WASHINGTON - Job openings in the U.S. rose in March to the highest level in more than three years, a sign that employers may be looking to take on more staff as the economy grows.
The number of positions waiting to be filled increased the most since July 2008 to 3.74 million from a revised 3.57 million the prior month that was larger than previously estimated, the Labor Department said today in a statement posted on its website.
Hiring slowed and firings were little changed during March.
Improving prospects may lure more workers into the labor market and help the world’s largest economy cut into the 5 million-job deficit that remains as a result of the recession that ended in June 2009.

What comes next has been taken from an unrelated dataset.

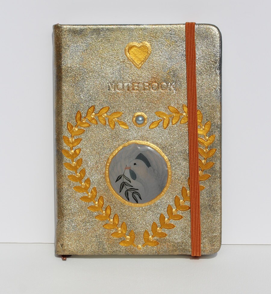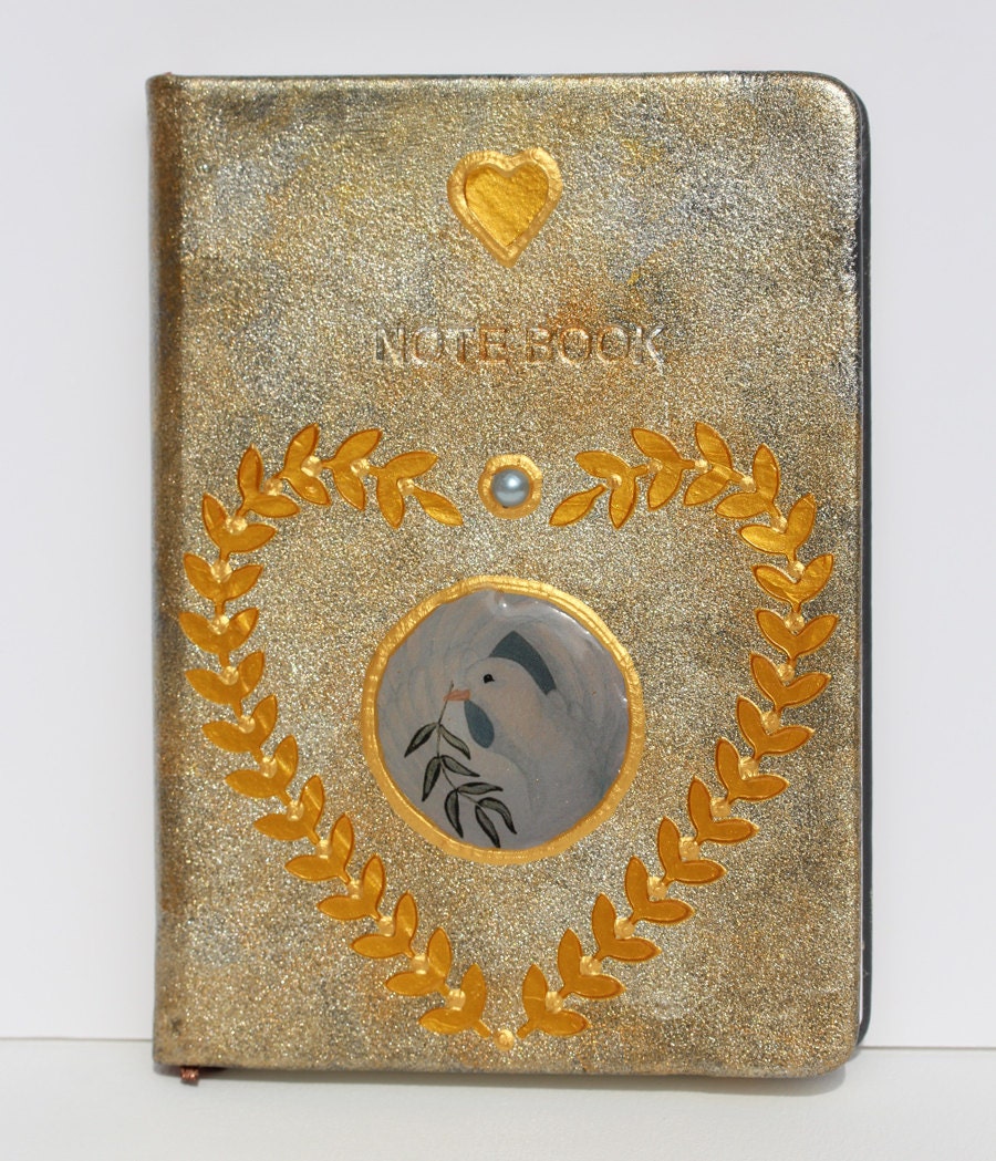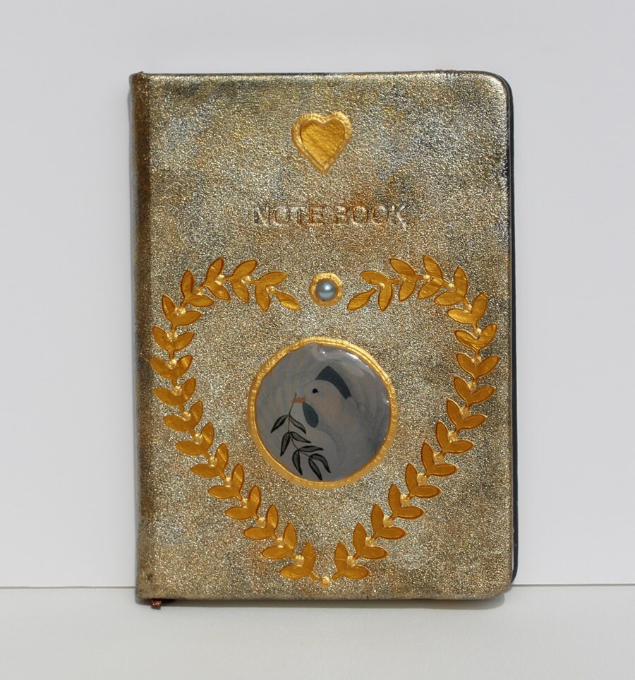 Ein ganz besonders hübscher Platz für Deine Erinnerungen, Notizen, Wünsche und Träume ist dieses handdekorierte Notebook im Design "Peace Dove" mit der anmutigen weissen Taube, mit Liebe handpatiniert in metallisch schimmerndem Hellblau-Silber, verziert mit Perle und schönen Effekten.

Faster hiring and the accompanying wage gains are needed to sustain consumer spending, which grew in the first quarter at the fastest pace in more than a year.

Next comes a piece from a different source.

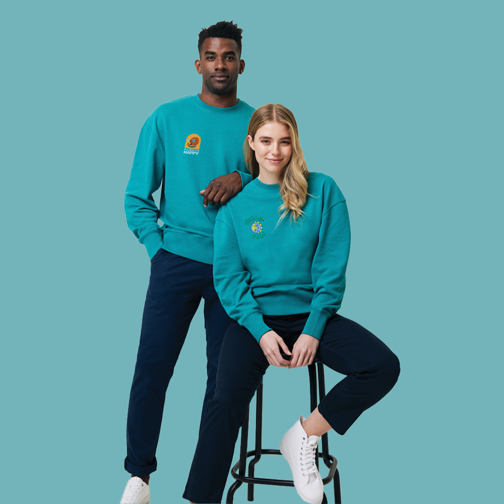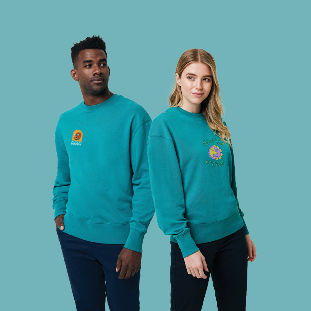 L'impression de Pull en coton recyclé à col ras du cou Iqoniq est différente de l'impression sur papier, il n'y a pas deux pièces identiques. Il est toujours possible qu'il y ait une légère déviation dans la position de l'impression. Toutefois, celle-ci est minime et souvent non visible une fois portée.

“The degree of caution among employers may be abating somewhat,” Stephen Stanley, chief economist for Pierpont Securities LLC in Stamford, Connecticut, said before the report. “It’ll still be a slow grind.”
Today’s report helps shed light on the dynamics behind the monthly employment figures.
Payrolls climbed by 115,000 workers in April, the fewest in six months and less than the median forecast of economists surveyed by Bloomberg News, Labor Department figures showed on May 4.
It followed a revised 154,000 gain in March that was larger than initially estimated.